One of the most popular types of contracts and one of the most commonly used when two corporations or companies are exchanging sensitive information is a non-disclosure agreement. Known mainly outside of the United States and Canada as a confidentiality agreement, the non disclosure agreement is considered a common type of contract when two corporations or when a corporation and an individual are exchanging sensitive or valuable information, such as secret ingredients or recipes to a popular product, or any other information that a company believes will damage them if it were to become public. These agreements usually aren’t very long and are quite straight forward. Some non disclosure agreements can last just a few weeks, much like a media blackout on a trial, or they can last weeks or even years. Some non disclosure agreements can even last in perpetuity, so that the details of the contract or arrangement can never be talked about or the agreement becomes null and void.
Another popular use for non disclosure agreements is among companies and employees. This can even extend down to companies and minimum wage employees who will come into contact with computer systems or business techniques that the company feels would benefit their competition. For example, for many years, Viacom’s Blockbuster Video made all new employees sign a non disclosure agreement as well as an agreement that forbade employees from working at any other video store or chain for a period of time after their employment at Blockbuster was ended. It was thought that certain aspects of working at Blockbuster could be shared and disseminated to their competition and that dissemination would cause harm. Similar agreements are signed all the time, especially if you are a high ranking employee of a company and you have access to trade secrets or other sensitive materials.

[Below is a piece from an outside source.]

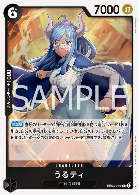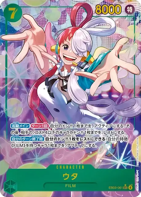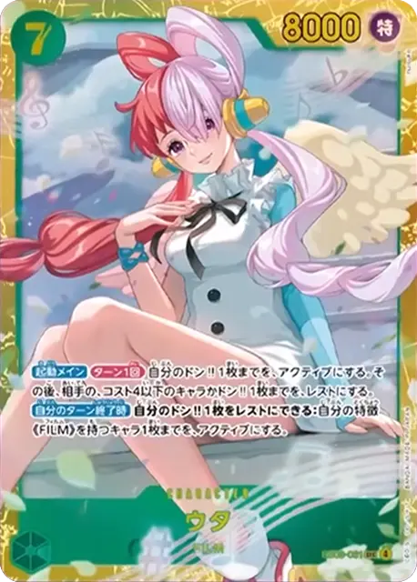 | テキスト 登場時自分のリーダーが「ウタ」の場合、カード2枚を引く。その後、自分の手札からパワー6000以下の元々の効果のないキャラカード1枚までを、登場させる。 | |||

Some companies even go as far as stating that the existence of a non disclosure agreement can’t be disclosed. The idea is that once a NDA is admitted to, than both parties involved are admitted that they have something to hide.

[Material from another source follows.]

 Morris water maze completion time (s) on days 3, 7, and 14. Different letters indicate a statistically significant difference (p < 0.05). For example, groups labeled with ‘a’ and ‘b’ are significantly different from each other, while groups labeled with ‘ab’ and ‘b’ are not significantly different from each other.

Most NDAs contain the same basic sections as they usually aren’t long or complicated contracts. First, both parties involved in the agreement are defined and basic information on both sides is given. Next, the NDA will define what can’t be talked about and what the essential point of the contract is. Some complicated NDAs will even define each and every term that can and can’t be used by the parties involved. Some NDAs can be extremely detailed and particular, but this isn’t what many people would consider to be an “average” NDA. Next, the NDA will spell out what can be talked about and what is considered fair game. A period of time in which the NDA is in effect is often spelled out next. Finally, the NDA will spell out the ramifications of what can or will happen if the contract is violated.
As you can see, the average non disclosure agreement is pretty straight forward and is used to help protect industry secrets from becoming public knowledge.